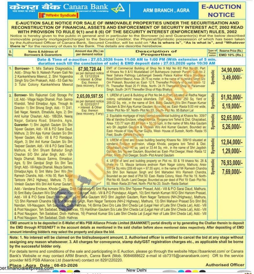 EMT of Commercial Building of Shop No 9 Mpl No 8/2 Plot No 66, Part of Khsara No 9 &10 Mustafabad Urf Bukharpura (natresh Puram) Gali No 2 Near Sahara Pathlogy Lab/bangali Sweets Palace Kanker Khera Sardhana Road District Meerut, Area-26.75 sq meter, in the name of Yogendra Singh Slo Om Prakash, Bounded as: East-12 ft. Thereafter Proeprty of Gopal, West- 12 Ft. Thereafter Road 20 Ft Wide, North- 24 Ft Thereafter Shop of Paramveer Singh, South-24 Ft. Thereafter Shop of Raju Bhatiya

#####

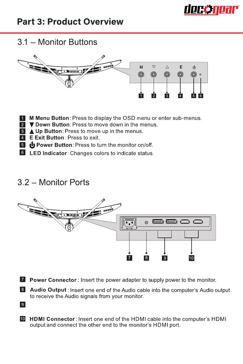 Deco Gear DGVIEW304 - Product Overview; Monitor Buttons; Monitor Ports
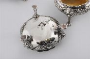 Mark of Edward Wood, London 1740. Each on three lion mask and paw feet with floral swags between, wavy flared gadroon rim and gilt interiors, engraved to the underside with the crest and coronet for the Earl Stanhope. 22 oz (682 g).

#####

[Prompt]: Leaving every picture aside, reproduce exactly the lines above from the one with "Deco Gear DGVIEW304" up to and including the one with "Mark of Edward", and no others.

[Task solution]:
 Deco Gear DGVIEW304 - Product Overview; Monitor Buttons; Monitor Ports
 Mark of Edward Wood, London 1740. Each on three lion mask and paw feet with floral swags between, wavy flared gadroon rim and gilt interiors, engraved to the underside with the crest and coronet for the Earl Stanhope. 22 oz (682 g).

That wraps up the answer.